Reputation: 514
The list of words is very long, I cannot paste the actual code that bugs out here. The regex whitelist has approx 4500 words in it seprated by a |
Both the regex, whitelist and whitelist2 includes the word hello but the test for each returns different results and I have no idea why after testing the same with javascript which gives correct results.
Here is the actionscript for testing. The line for whitelist might not be visible entirely, try copying pasting the code from the link below in your text/code editor. http://wonderfl.net/c/jTmb/
Edit1: problem I'm facing is that sometimes the words are not an exact match. Example saturdays need to match saturday. Its why I was using regex.
About the string length. I tried to check the length of the string and its being reported correctly. http://wonderfl.net/c/a9yp/
Edit2: Test showing it works in javascript http://tinyurl.com/m74hmdj
Upvotes: 2
Views: 195
Reputation: 7449
I'm thinking @tsiki is right about the max length of an AS3 regex.
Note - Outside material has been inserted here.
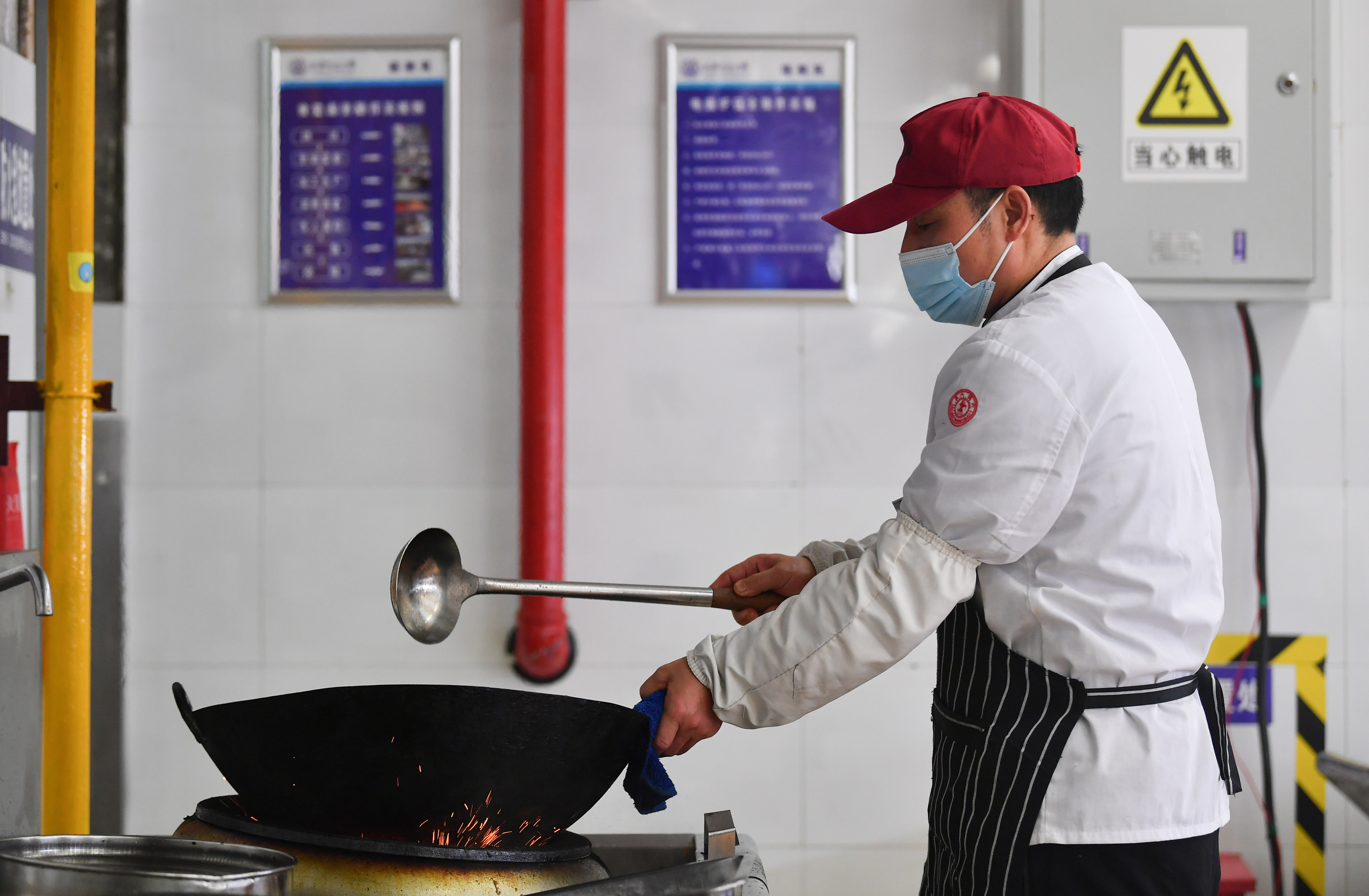 1月29日,工作人員在西安交通大學(xué)興慶校區(qū)校園食堂準(zhǔn)備午餐。新華社記者 張博文 攝

This is really a comment, but since I'd like to include a bit of code, I'm putting it as an answer:
Since you're not using the regex for anything other than a list of words separated by |
, consider using an array instead. Another advantage of this approach is that it will be quite a bit faster.
// This is just a way of reusing your list,
// rather than manually transforming it to an array:
var whitelist:Array = "abasement|abastardize|abastardize|..."
.split("|");
// Simply use .toLowerCase() on the input string to make it case insensitive,
// assuming all your whitelist words are lower case.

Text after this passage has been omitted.